HCV-RNA level was measured at each visit by a central laboratory. Treatment response was estimated applying the following definitions of response/non-response: 1) Adequate first phase decline: HCV RNA decline ≥ 0.5 log10 International Units/milliliter (IU/mL) from time 0 to 48 hours of PEG-IFN treatment (PEG-IFN arm: day 0 - day 2; placebo and ribavirin arm: day 42-day 44), 2) Rapid virologic response: HCV RNA \< 15 IU/mL (=detection limit) on day 70, 3) Complete early virologic response: HCV RNA \< 15 IU/mL on day 126, 4) Partial early virologic response (log decrease): HCV RNA decrease ≥ 2 log10 IU/mL from day 0 to day 126, 5) Partial early virologic response (cut off): HCV RNA \<30000 IU/mL on day 126, 6) Non-response: HCV RNA decrease \<2 log10 IU/mL from day 0 to day 126, 7) Null-response: HCV RNA decrease \<1 log10 IU/mL from day 0 to day 28 and from day 0 to day 70 for PEG-IFN arm and placebo / ribavirin arm, respectively.

Time frame: Up to Day 126

Area Under the Concentration-Time Curve (AUC) of Ribavirin

Evaluation of ribavirin arm after Day 0. Evaluation of placebo and PEG-IFN arms after Day 42.
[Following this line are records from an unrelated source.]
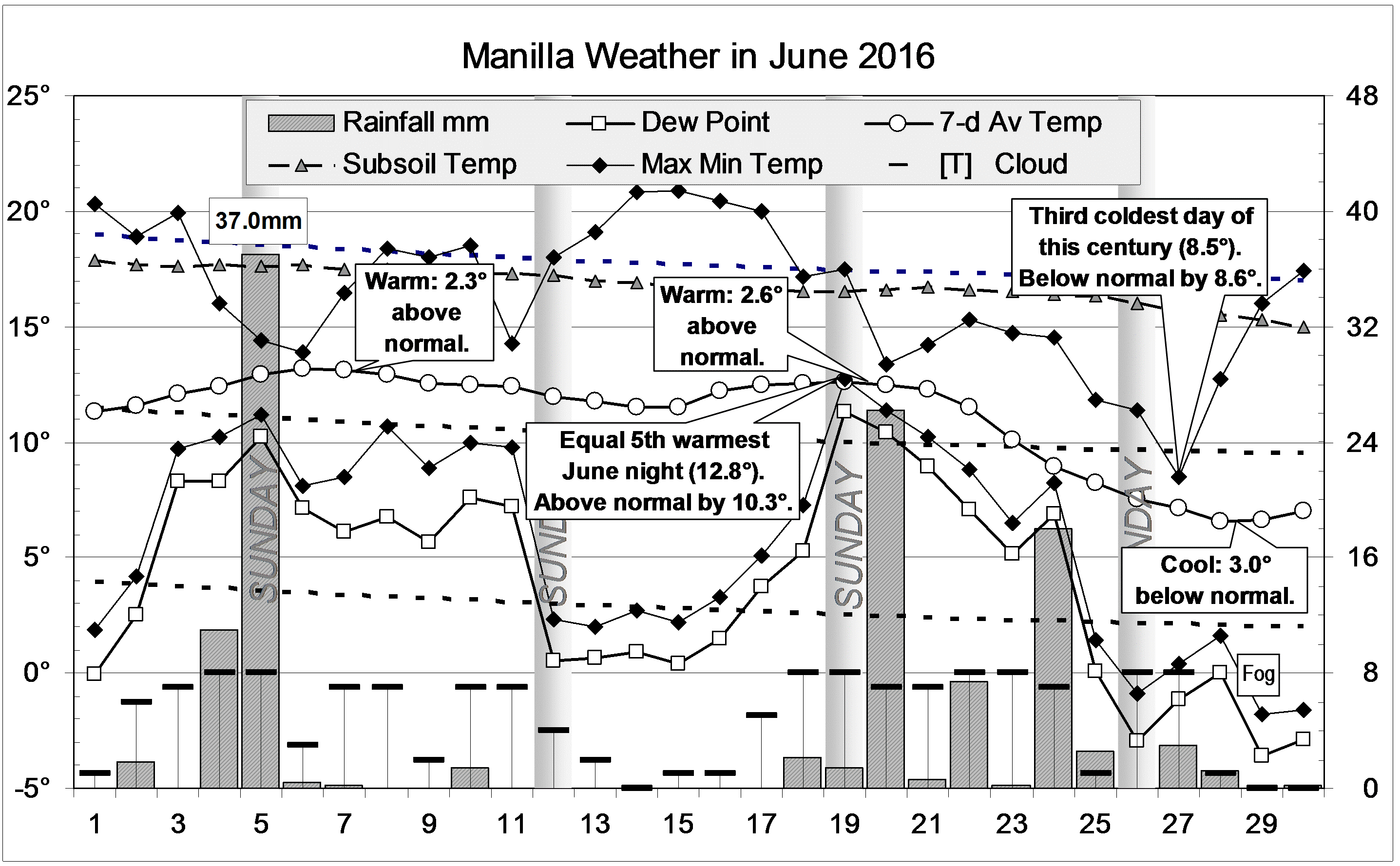 Published July 2, 2016 at 2873 × 1778 in June 2016: extreme rain Next » Graphical log, for June 2016, of daily values of maximum and minimum temperatures, subsoil (750mm) temperature and early morning dew point (all in degrees Celsius), rainfall (mm) and cloud amount (octas). Weekly mean temperature also shown.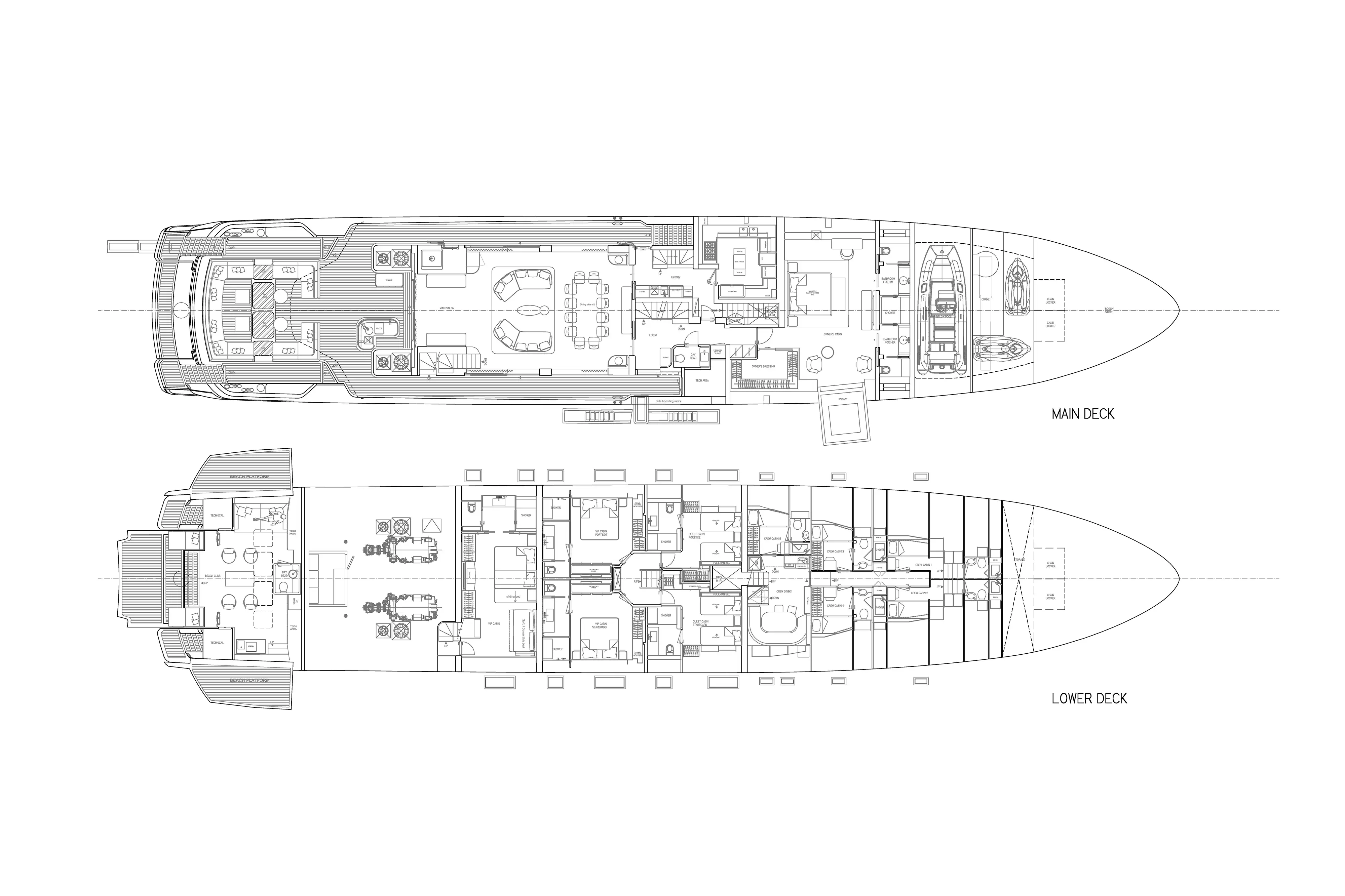 The beach club on DOKINHA is a true retreat, offering fold-out terraces on three sides that connect guests directly to the water. With teak wall panelling, built-in towel rails, and comfortable loose seating, this space is ideal for lounging, diving into water sports, or simply enjoying the close connection to the ocean. Zero-speed stabilisers guarantee a smooth and comfortable experience whether at anchor or cruising. A towed tender is also available to explore nearby destinations with ease.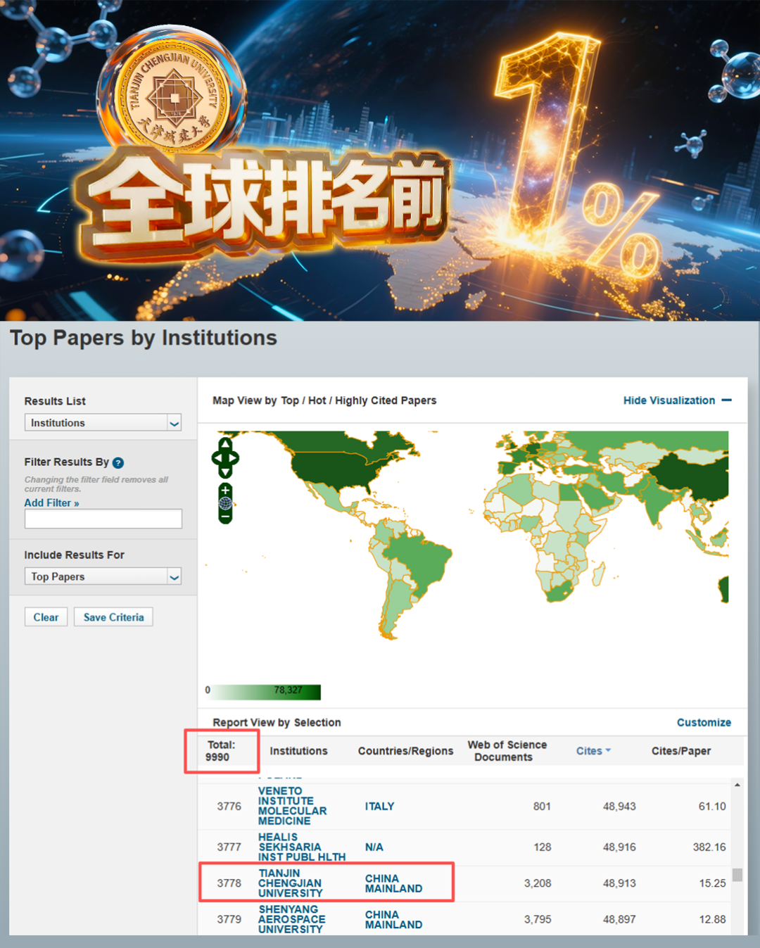 学科进入全球排名前1%

Time frame: From Day 0 at 0 hour (hr), 12 hr, 24 hr, 36 hr, 48 hr, 60 hr and 72 hr, Day 42 at 0 hr, 12 hr, 24 hr and 36 hr and at each visit up to Day 126.

Maximum Concentration (Cmax) of Ribavirin

Cmax was obtained directly from the concentration-time data. Evaluation of ribavirin arm after day 0. Evaluation of placebo and PEG-IFN arms after day 42.

Time frame: From Day 0 at 0 hour (hr), 12 hr, 24 hr, 36 hr, 48 hr, 60 hr and 72 hr, Day 42 at 0 hr, 12 hr, 24 hr and 36 hr and at each visit up to Day 126.

Time to Maximum Concentration (Tmax) of Ribavirin

Tmax was obtained directly from the concentration-time data. Evaluation of ribavirin arm after day 0. Evaluation of placebo and PEG-IFN arms after day 42.

Time frame: From Day 0 at 0 hour (hr), 12 hr, 24 hr, 36 hr, 48 hr, 60 hr and 72 hr, Day 42 at 0 hr, 12 hr, 24 hr and 36 hr and at each visit up to Day 126.

Area Under the Concentration-Time Curve (AUC) of PEG-IFN

Evaluation of PEG-IFN arm after Day 0. Evaluation of ribavirin and placebo arms after Day 42.

Time frame: From Day 0 at 0 hour (hr), 24 hr, 48 hr and 72 hr, Day 42 at 0 hr and 24 hr and at approximately every other visit up to Day 126

Maximum Concentration (Cmax) of PEG-IFN

Cmax was obtained directly from the concentration-time data. Evaluation of PEG-IFN arm after day 0. Evaluation of ribavirin and placebo arms after day 42.

Time frame: From Day 0 at 0 hour (hr), 24 hr, 48 hr and 72 hr, Day 42 at 0 hr and 24 hr and at approximately every other visit up to Day 126

Time to Maximum Concentration (Tmax) of PEG-IFN

Tmax was obtained directly from the concentration-time data. Evaluation of PEG-IFN arm after day 0. Evaluation of ribavirin and placebo arms after day 42.

Time frame: From Day 0 at 0 hour (hr), 24 hr, 48 hr and 72 hr, Day 42 at 0 hr and 24 hr and at approximately every other visit up to Day 126

Area Under the Concentration-Time Curve (AUC) of Glutamate-Pyruvate Transaminase (GPT)

Time frame: From Day 0 at 0 hour (hr), 12 hr, 24 hr, 36 hr, 48 hr, 60 hr and 72 hr, Day 42 at 0 hr, 12 hr, 24 hr and 36 hr and at each visit up to Day 126.

Maximum Concentration (Cmax) of GPT

Cmax was obtained directly from the concentration-time data.

Time frame: From Day 0 at 0 hour (hr), 12 hr, 24 hr, 36 hr, 48 hr, 60 hr and 72 hr, Day 42 at 0 hr, 12 hr, 24 hr and 36 hr and at each visit up to Day 126.

Time to Maximum Concentration (Tmax) of GPT

Tmax was obtained directly from the concentration-time data.

Time frame: From Day 0 at 0 hour (hr), 12 hr, 24 hr, 36 hr, 48 hr, 60 hr and 72 hr, Day 42 at 0 hr, 12 hr, 24 hr and 36 hr and at each visit up to Day 126.